*Exercise goal*. Search the listing below for the line containing "Zapatos, sandalias de". From there through the line containing "Werbeanzeige für Schreibmaschine", transcribe every line exactly, both ends included.

*Task input*.
◆ ◆ ◆ ◆

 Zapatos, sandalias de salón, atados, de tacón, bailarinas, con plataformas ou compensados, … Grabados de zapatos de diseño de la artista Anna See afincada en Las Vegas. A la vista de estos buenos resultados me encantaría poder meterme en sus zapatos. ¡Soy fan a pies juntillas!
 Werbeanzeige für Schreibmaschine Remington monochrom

◆ ◆ ◆ ◆

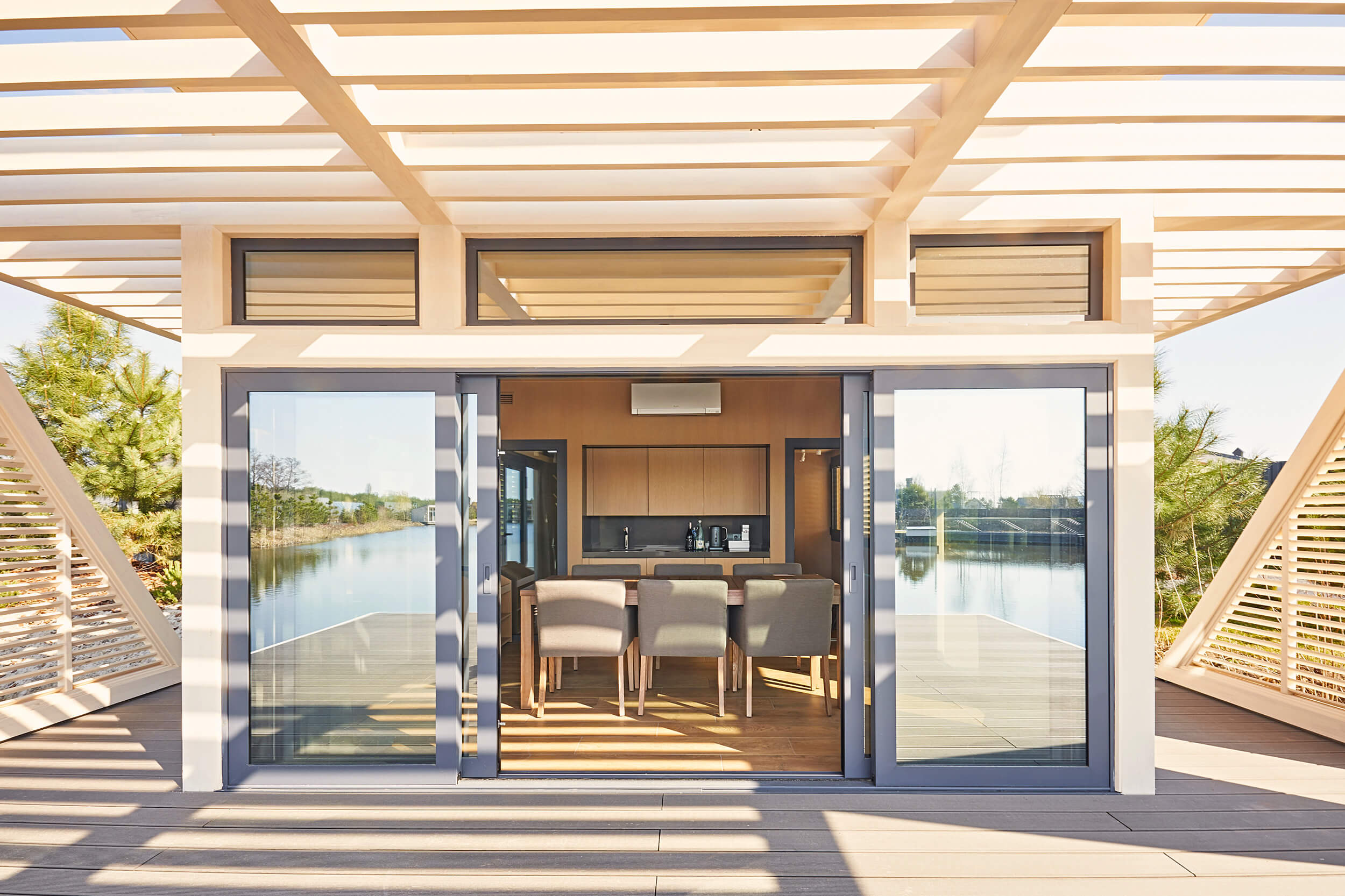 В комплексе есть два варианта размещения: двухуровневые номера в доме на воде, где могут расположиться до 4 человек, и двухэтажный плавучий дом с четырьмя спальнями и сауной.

◆ ◆ ◆ ◆

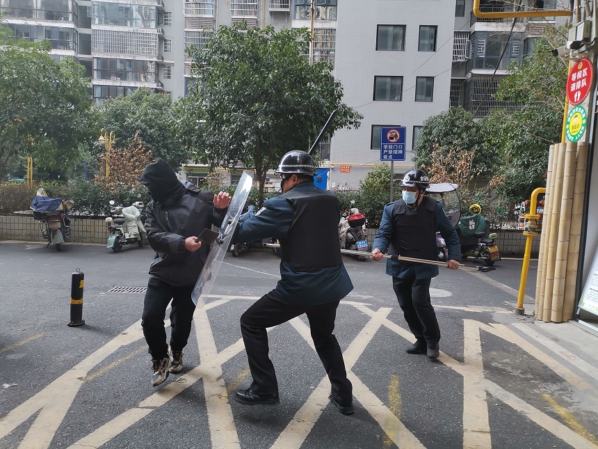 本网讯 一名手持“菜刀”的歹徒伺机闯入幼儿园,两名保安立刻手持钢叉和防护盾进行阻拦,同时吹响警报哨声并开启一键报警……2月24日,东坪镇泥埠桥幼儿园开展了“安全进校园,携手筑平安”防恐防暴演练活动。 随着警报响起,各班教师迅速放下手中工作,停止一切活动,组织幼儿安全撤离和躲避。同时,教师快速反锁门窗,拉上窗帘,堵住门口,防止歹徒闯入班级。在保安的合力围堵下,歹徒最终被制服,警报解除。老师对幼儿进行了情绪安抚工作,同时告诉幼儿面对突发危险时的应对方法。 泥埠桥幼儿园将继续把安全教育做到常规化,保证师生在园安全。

◆ ◆ ◆ ◆

*Response to the task*.
 Zapatos, sandalias de salón, atados, de tacón, bailarinas, con plataformas ou compensados, … Grabados de zapatos de diseño de la artista Anna See afincada en Las Vegas. A la vista de estos buenos resultados me encantaría poder meterme en sus zapatos. ¡Soy fan a pies juntillas!
 Werbeanzeige für Schreibmaschine Remington monochrom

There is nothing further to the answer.